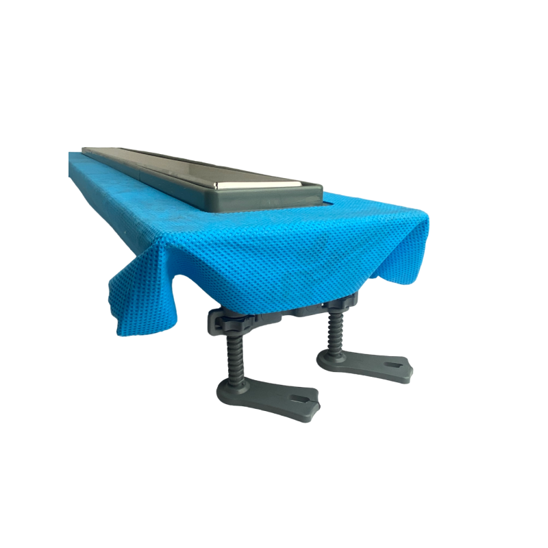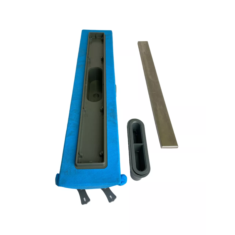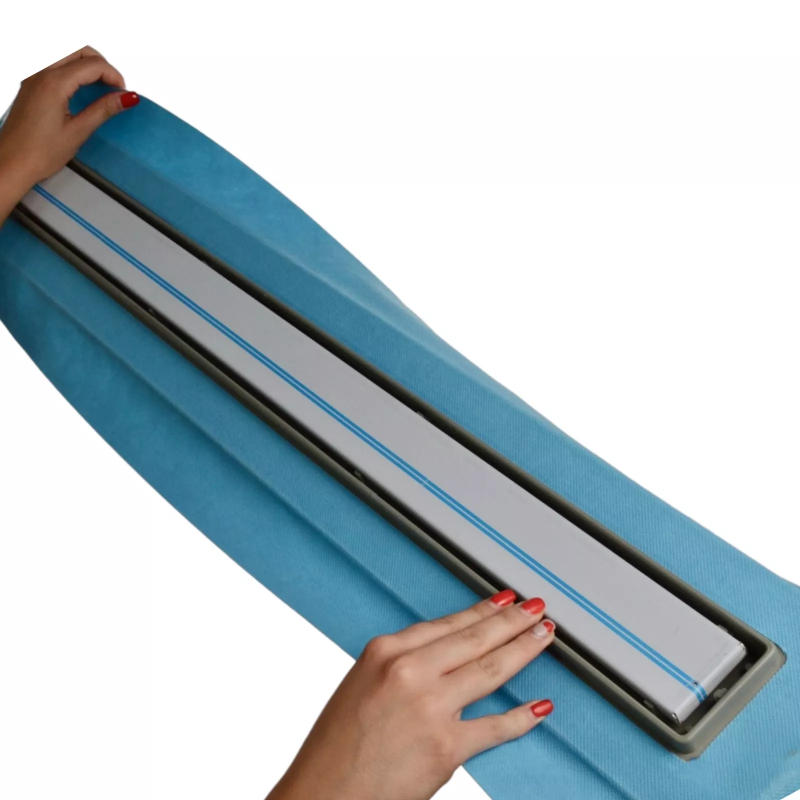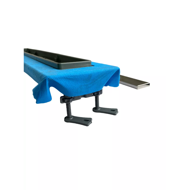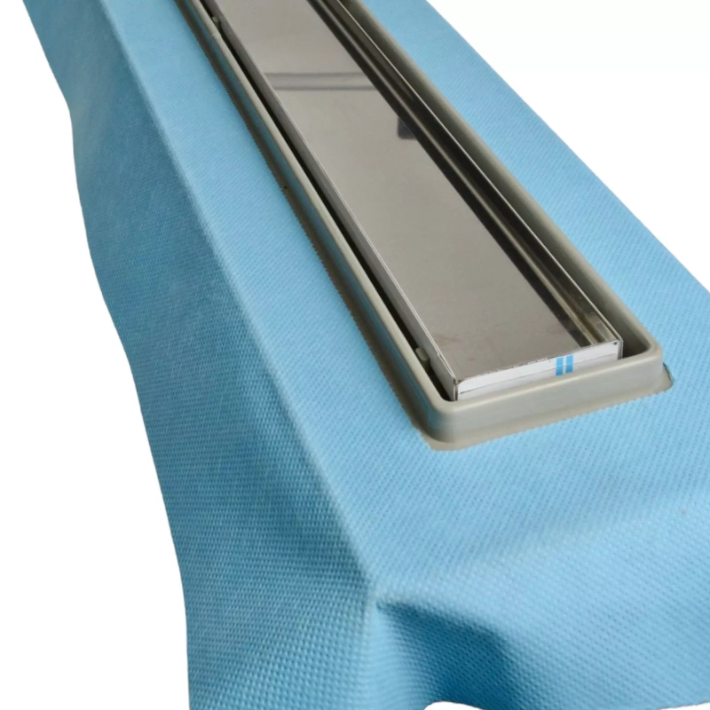 Декоративная решетка данной модели изготовлена из нержавеющей стали марки AISI 304. Толщина стали 1 мм, она выдерживает нагрузки до 300 кг. На решетку нанесена защитная ПЕ плёнка, снимать которую нужно после проведения облицовочных работ. Корпус лотка с фланцем, затвор и ножки изготовлены из прочного полипропилена. На фланец приклеена голубая герметизирующая лента для лучшей гидроизоляции вокруг самого изделия.
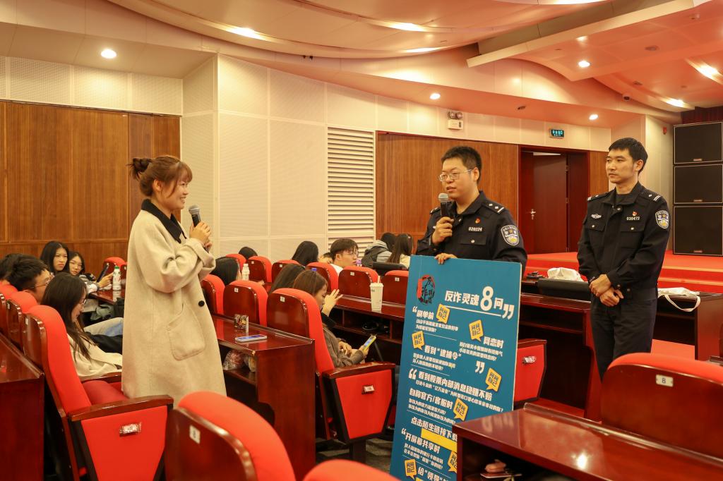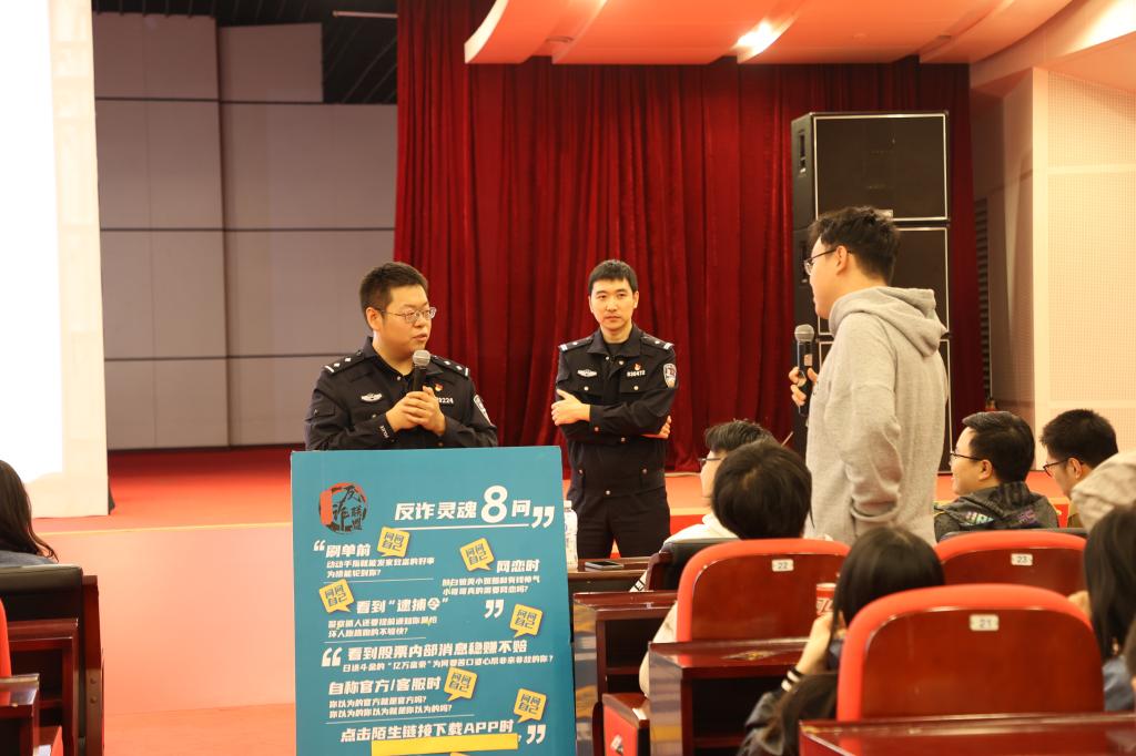 观影前,北京市公安局海淀分局高校内保支队警官刘烨、程长昊,刑侦支队反诈中心警官蔡航莅临现场对师生进行反诈宣传。通过提问互动的方式普及防范电信网络诈骗相关知识,用真实案例讲解电信网络诈骗类型和常用手段,揭露电信网络诈骗的危害,并呼吁大家在观影的同时,要时刻提高防范意识,远离电信网络违法犯罪,切实保障自身生命和财产安全。
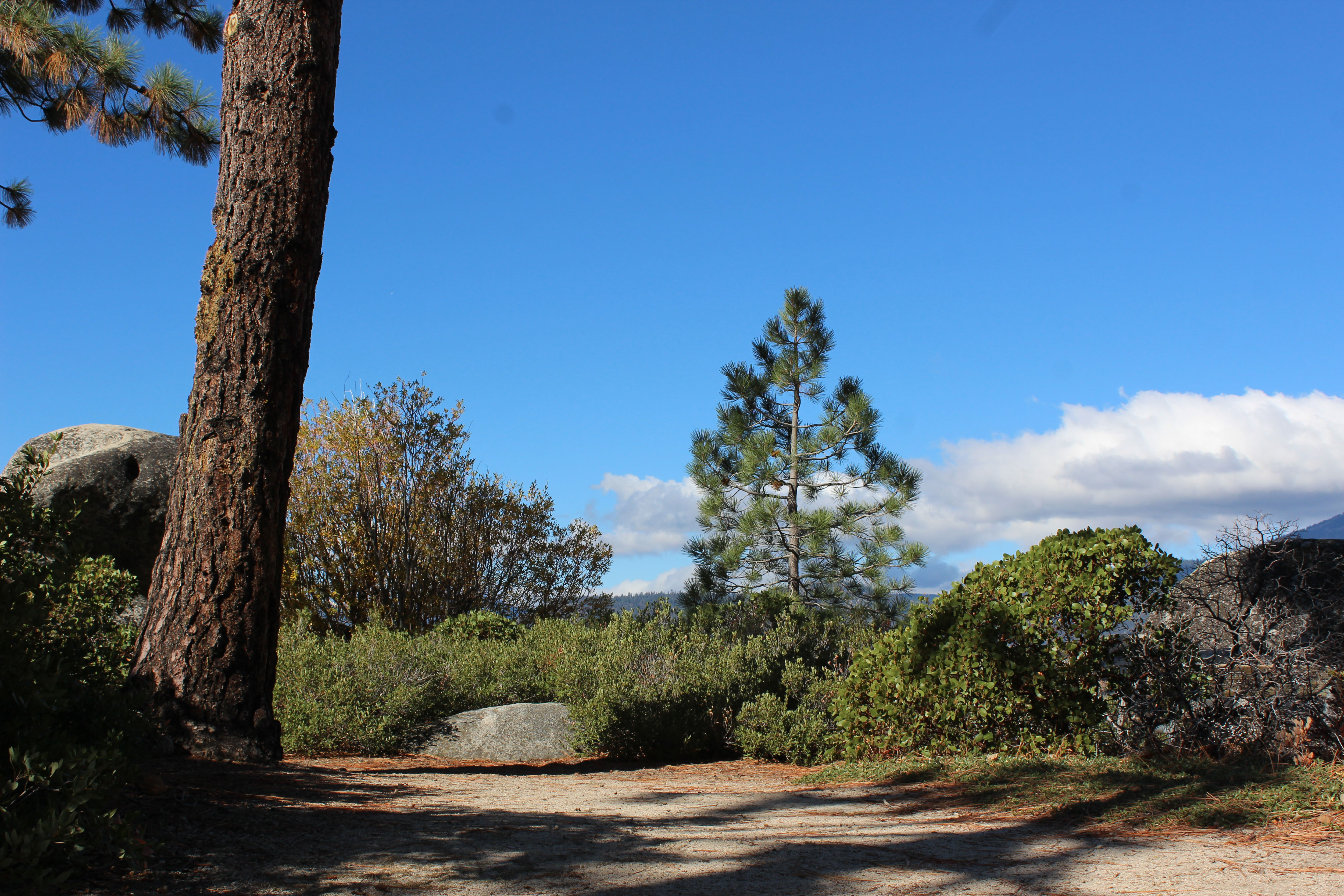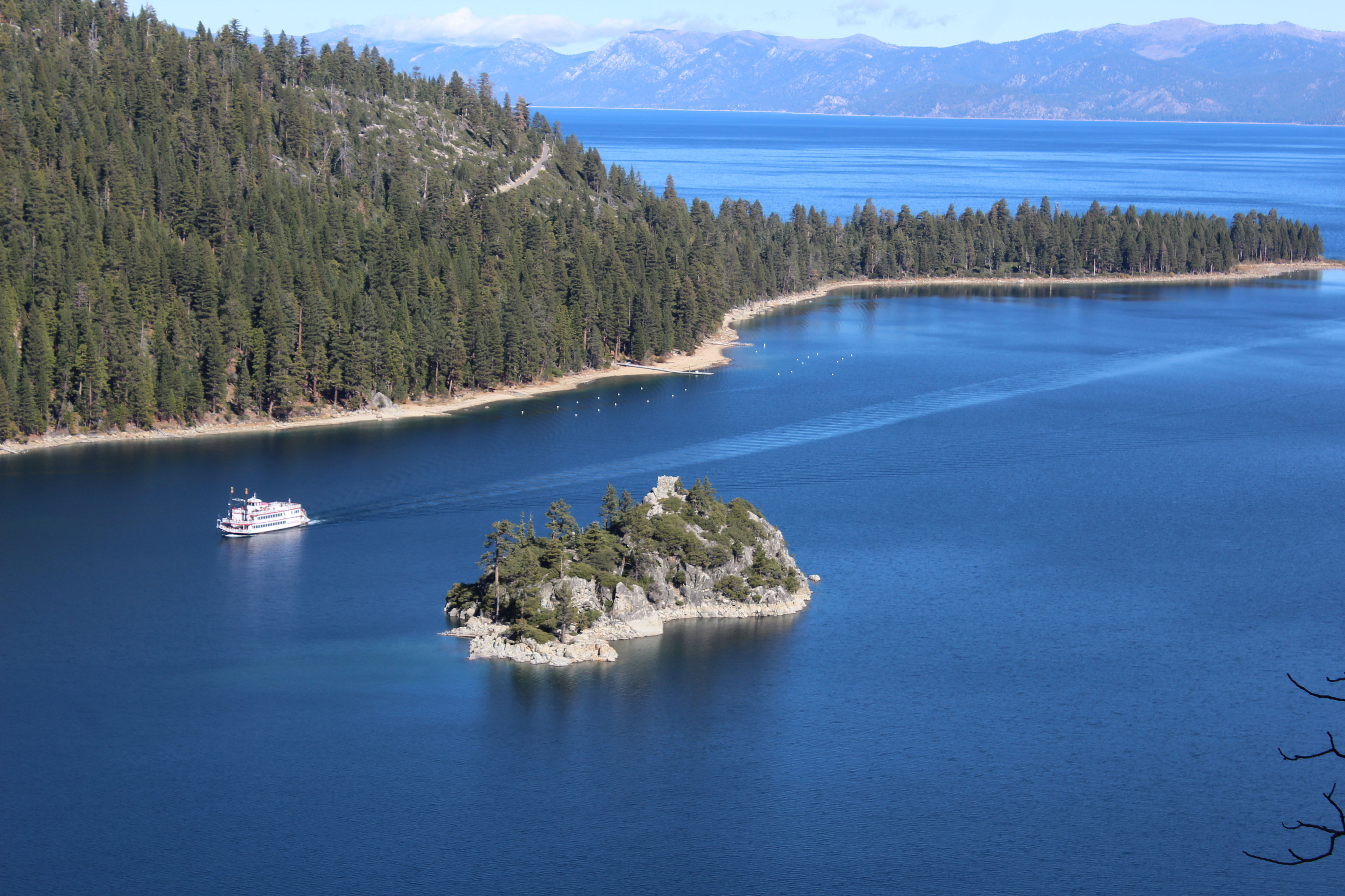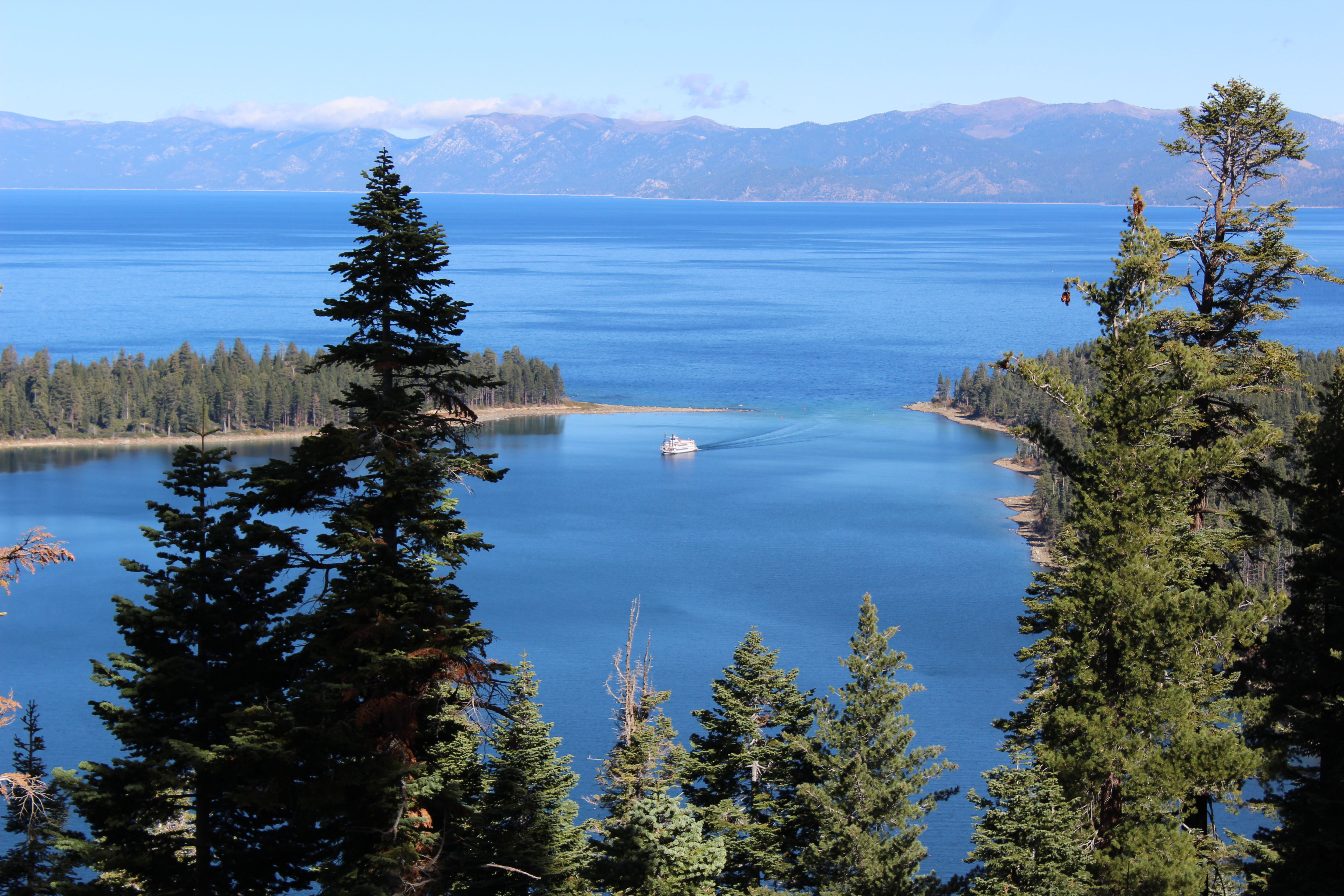 After Sand Harbor we kept driving, stopping at several beautiful scenic spots along the way. Part of the lake is in California and the other part is in Nevada and whole sections of it are National Park. What I particularly loved was that it was beautiful on both the lake side and the hills side. It was the kind of place where you couldn’t take a bad picture and everywhere you looked was just beautiful. When we hit Inspiration Point though that was something special. As a general rule, you always know when something is worth seeing when there are lots of people speaking in foreign languages. My only complaint was the bathrooms were an absolute mess. As someone who has been responsible for public land bathrooms I was a bit horrified, but besides that the view was spectacular. Plus, the lone paddleboat on the water came into view right when we were there and I was thrilled to get a shot with the boat.
========================================================================
— PROBLEM TO SOLVE —
From the line containing "观影前,北京市公安局海淀分局" through the final line of the listing, copy every line exactly and nothing else. Skip the pictures.

— EXPECTED ANSWER —
 观影前,北京市公安局海淀分局高校内保支队警官刘烨、程长昊,刑侦支队反诈中心警官蔡航莅临现场对师生进行反诈宣传。通过提问互动的方式普及防范电信网络诈骗相关知识,用真实案例讲解电信网络诈骗类型和常用手段,揭露电信网络诈骗的危害,并呼吁大家在观影的同时,要时刻提高防范意识,远离电信网络违法犯罪,切实保障自身生命和财产安全。
 After Sand Harbor we kept driving, stopping at several beautiful scenic spots along the way. Part of the lake is in California and the other part is in Nevada and whole sections of it are National Park. What I particularly loved was that it was beautiful on both the lake side and the hills side. It was the kind of place where you couldn’t take a bad picture and everywhere you looked was just beautiful. When we hit Inspiration Point though that was something special. As a general rule, you always know when something is worth seeing when there are lots of people speaking in foreign languages. My only complaint was the bathrooms were an absolute mess. As someone who has been responsible for public land bathrooms I was a bit horrified, but besides that the view was spectacular. Plus, the lone paddleboat on the water came into view right when we were there and I was thrilled to get a shot with the boat.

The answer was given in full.